DI tengah saling sandera dan saling serang antargeng koalisi capres, muncul usulan menghapus gubernur. Menarik. Menghilangkan satu level birokrasi.

Usulan itu menjadi layak dibicarakan karena yang mengungkitnya Muhaimin Iskandar. Ia ketua umum PKB yang juga wakil ketua DPR RI. Dengan otoritas politik Cak Imin, wajar bila usulan tersebut terus bergulir. Apalagi, Kementerian Dalam Negeri sudah memberikan lampu hijau untuk mengkajinya.

Presiden Jokowi pun sudah angkat bicara. Menurut Jokowi, usulan Muhaimin itu perlu kajian mendalam. Apakah efisiensi dan kalkulasi mengatasi jarak kontrol pusat dan daerah yang menjadi jauh.

Tentu bayangan kita yang pertama muncul, bila terealisasi, tak akan ada lagi pemilihan gubernur. Ada penghematan biaya besar di situ. Contohnya, untuk anggaran pemilihan gubernur 2024, KPU Jawa Timur mengajukan Rp 1,98 triliun. Itu baru satu provinsi.

Kalau gubernur dihapus, konsekuensinya, DPRD level provinsi juga hilang. Itu juga menghemat anggaran negara yang tidak sedikit. Juga, mengurangi potensi konflik horizontal para pendukung yang menghabiskan banyak energi.

Bila gubernur bubar, otomatis juga tidak ada lagi jenjang birokrasi dan otoritas di level provinsi. Selama ini, banyak otoritas kabupaten/kota yang tak selaras dengan gubernur. Atau juga tumpang-tindih. Sebagian wewenang melekat ke bupati/wali kota, sebagian lainnya milik gubernur.

Contohnya di dunia pendidikan: wajib belajar 12 tahun. SD dan SMP wewenang bupati/wali kota. Tapi, SMA urusan gubernur. Lebih efektif bila semuanya ditangani satu atap.

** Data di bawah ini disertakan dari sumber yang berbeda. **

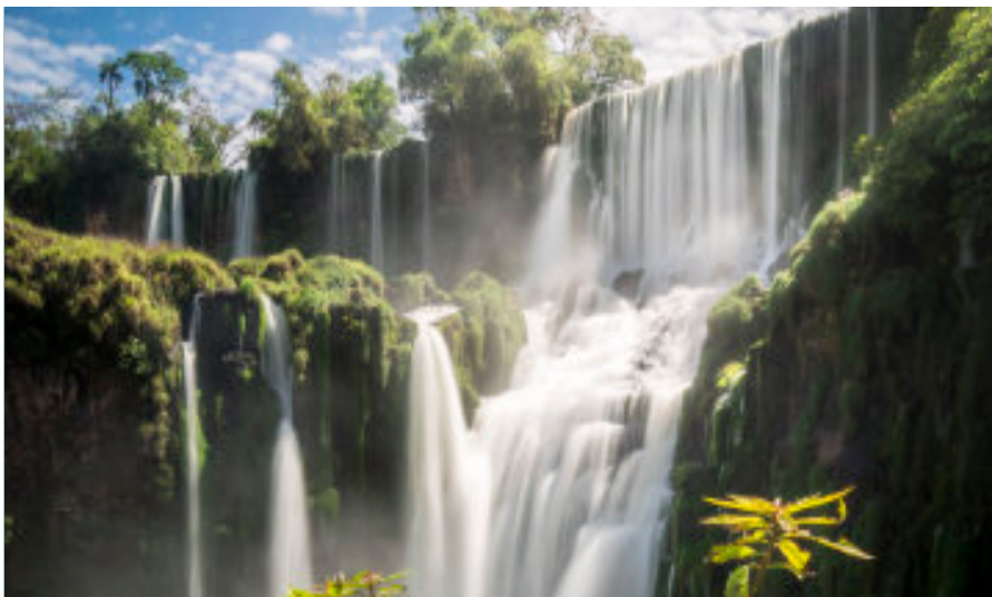
Les chutes d'Iguazú à la frontière entre Argentine et Brésil.

Du 1 er septembre au 4 octobre, les Eglises chrétiennes célèbrent la Création selon la devise « des fleuves d'eau vive ».

Untuk kesinambungan peraturan dan pengelolaan. 

Urusan jalan raya juga kadang-kadang membingungkan. Masyarakat yang protes jalan rusak kadang kala dianggap protes salah alamat. Diprotes ke pemkab, ternyata jalannya milik provinsi. Bupati tak berdaya dengan protes warganya. 

Belum lagi, ada jalan raya yang wewenang pemerintah pusat. Jadi, ada tiga level.

Seharusnya cukup dua level saja. Pemerintah pusat dan daerah.

Lantas, siapa yang menjadi representatif daerah? Kalau mengacu UU No 23 Tahun 2014 tentang Pemerintah Daerah, titik berat otonomi daerah berada di level kabupaten atau kota. Bukan di provinsi. 

Tapi, ada persoalannya. Gubernur sebagai atasan para bupati dan wali kota mempunyai legitimasi yang kuat karena hasil pemilihan langsung. Bupati dan wali kota juga merasa punya legitimasi yang kuat karena terpilih lewat pemilihan langsung. 

Karena merasa sama-sama punya legitimasi, itulah yang membuat banyak berita: bupati tak hadir saat rapat dengan gubernur. Yang mewakili level kepala dinas. Atau wakil bupati. Cerita semacam itu juga yang menjadi salah satu alasan Cak Imin mengusulkan penghapusan provinsi. 

Kalau gubernur dihapus, cukup diganti dengan pejabat yang diangkat pemerintah pusat. Toh, apalagi salah satu fungsi gubernur saat ini adalah wakil pemerintah pusat di daerah.